### Extracted records
- - -

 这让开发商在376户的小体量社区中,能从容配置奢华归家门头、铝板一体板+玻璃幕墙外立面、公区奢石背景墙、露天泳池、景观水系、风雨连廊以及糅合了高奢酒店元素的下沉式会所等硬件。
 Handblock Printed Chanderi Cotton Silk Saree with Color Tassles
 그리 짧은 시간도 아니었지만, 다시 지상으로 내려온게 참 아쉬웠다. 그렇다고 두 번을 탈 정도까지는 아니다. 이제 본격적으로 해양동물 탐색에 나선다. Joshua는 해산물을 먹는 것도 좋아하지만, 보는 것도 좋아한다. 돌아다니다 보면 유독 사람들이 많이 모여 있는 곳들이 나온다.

- - -

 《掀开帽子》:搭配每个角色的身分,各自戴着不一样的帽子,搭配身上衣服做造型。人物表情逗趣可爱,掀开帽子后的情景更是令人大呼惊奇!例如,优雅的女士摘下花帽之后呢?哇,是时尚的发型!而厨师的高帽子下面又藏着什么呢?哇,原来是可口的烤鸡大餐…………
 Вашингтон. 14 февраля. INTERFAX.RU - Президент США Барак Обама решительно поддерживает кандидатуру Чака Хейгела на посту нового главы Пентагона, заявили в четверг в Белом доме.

- - -

### Activity
Starting at the line that has "Handblock Printed Chanderi" in the records above, restate word for word every line until the one that has "그리 짧은 시간도 아니었지만, 다시", and include that one as well.

### Completed task
 Handblock Printed Chanderi Cotton Silk Saree with Color Tassles
 그리 짧은 시간도 아니었지만, 다시 지상으로 내려온게 참 아쉬웠다. 그렇다고 두 번을 탈 정도까지는 아니다. 이제 본격적으로 해양동물 탐색에 나선다. Joshua는 해산물을 먹는 것도 좋아하지만, 보는 것도 좋아한다. 돌아다니다 보면 유독 사람들이 많이 모여 있는 곳들이 나온다.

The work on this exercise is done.